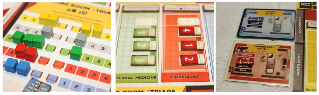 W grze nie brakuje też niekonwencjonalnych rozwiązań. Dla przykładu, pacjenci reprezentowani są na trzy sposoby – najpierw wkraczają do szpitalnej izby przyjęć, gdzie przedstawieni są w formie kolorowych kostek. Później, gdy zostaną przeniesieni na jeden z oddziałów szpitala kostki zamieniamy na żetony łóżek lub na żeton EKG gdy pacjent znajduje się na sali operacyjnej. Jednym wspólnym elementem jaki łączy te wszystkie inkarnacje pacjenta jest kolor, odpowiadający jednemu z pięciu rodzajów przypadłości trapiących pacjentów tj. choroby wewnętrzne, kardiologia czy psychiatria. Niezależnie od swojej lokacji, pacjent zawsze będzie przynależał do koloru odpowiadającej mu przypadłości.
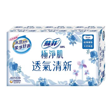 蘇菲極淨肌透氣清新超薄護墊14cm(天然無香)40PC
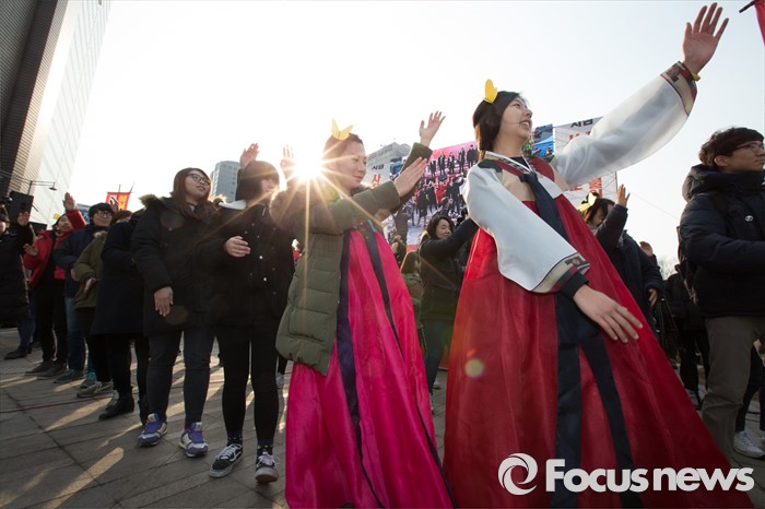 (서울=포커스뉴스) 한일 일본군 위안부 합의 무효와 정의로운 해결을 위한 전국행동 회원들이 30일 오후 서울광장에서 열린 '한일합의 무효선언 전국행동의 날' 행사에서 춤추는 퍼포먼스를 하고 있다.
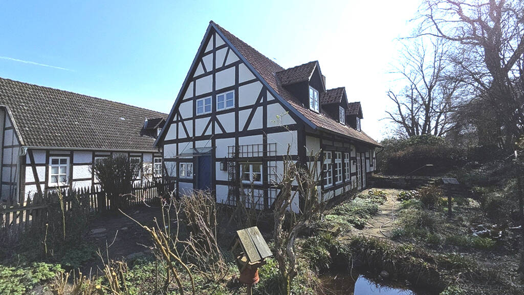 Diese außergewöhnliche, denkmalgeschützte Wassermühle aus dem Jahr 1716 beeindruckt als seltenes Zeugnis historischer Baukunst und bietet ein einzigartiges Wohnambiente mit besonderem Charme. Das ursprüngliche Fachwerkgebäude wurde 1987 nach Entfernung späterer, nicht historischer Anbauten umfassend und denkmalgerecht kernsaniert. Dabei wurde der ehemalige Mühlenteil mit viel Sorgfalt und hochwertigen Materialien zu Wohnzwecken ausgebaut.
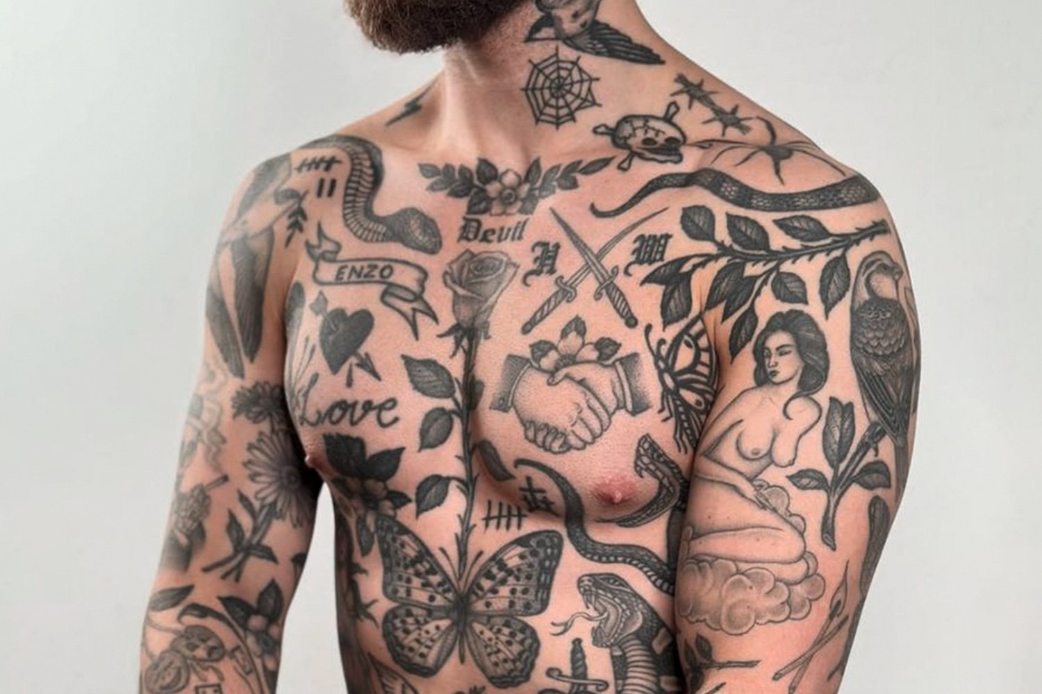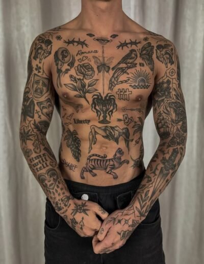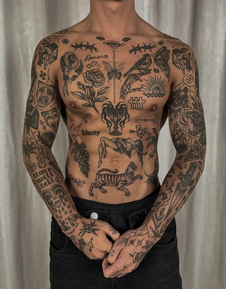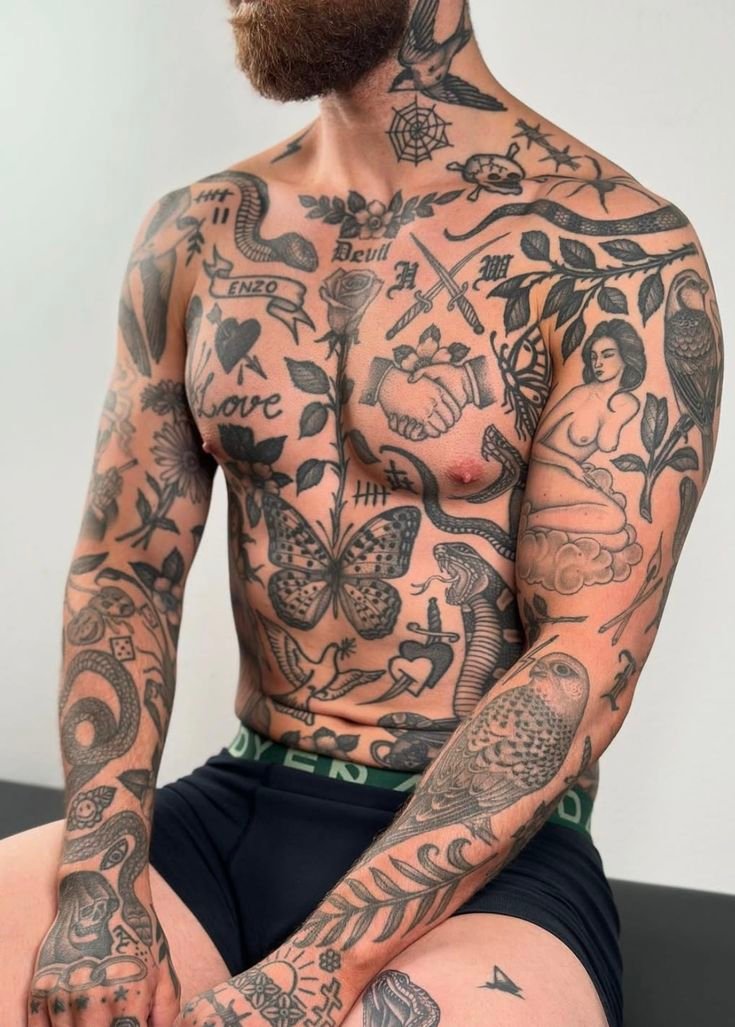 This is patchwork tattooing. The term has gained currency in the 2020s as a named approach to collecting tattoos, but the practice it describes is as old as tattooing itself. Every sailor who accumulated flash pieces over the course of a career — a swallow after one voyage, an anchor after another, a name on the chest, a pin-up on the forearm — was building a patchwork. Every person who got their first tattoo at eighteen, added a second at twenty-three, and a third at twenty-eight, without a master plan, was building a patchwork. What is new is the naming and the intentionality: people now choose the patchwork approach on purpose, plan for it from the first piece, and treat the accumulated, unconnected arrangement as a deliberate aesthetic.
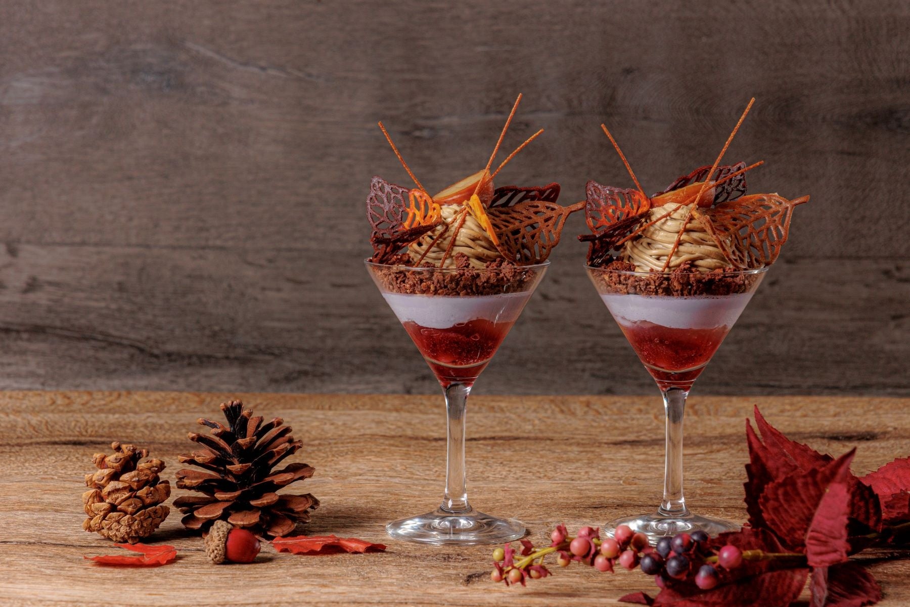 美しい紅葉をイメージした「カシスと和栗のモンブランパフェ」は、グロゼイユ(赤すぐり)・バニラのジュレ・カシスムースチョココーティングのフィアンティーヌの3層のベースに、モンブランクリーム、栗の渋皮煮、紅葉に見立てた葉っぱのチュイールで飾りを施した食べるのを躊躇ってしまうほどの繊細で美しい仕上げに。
□ □ □
■ What the task requires: Text only, no pictures: please print exactly the lines above from the line with "蘇菲極淨肌透氣清新超薄護墊14cm(天然無香)40PC" up to and including the line with "Diese außergewöhnliche, denkmalgeschützte", and nothing else.

■ Exercise response:
 蘇菲極淨肌透氣清新超薄護墊14cm(天然無香)40PC
 (서울=포커스뉴스) 한일 일본군 위안부 합의 무효와 정의로운 해결을 위한 전국행동 회원들이 30일 오후 서울광장에서 열린 '한일합의 무효선언 전국행동의 날' 행사에서 춤추는 퍼포먼스를 하고 있다.
 Diese außergewöhnliche, denkmalgeschützte Wassermühle aus dem Jahr 1716 beeindruckt als seltenes Zeugnis historischer Baukunst und bietet ein einzigartiges Wohnambiente mit besonderem Charme. Das ursprüngliche Fachwerkgebäude wurde 1987 nach Entfernung späterer, nicht historischer Anbauten umfassend und denkmalgerecht kernsaniert. Dabei wurde der ehemalige Mühlenteil mit viel Sorgfalt und hochwertigen Materialien zu Wohnzwecken ausgebaut.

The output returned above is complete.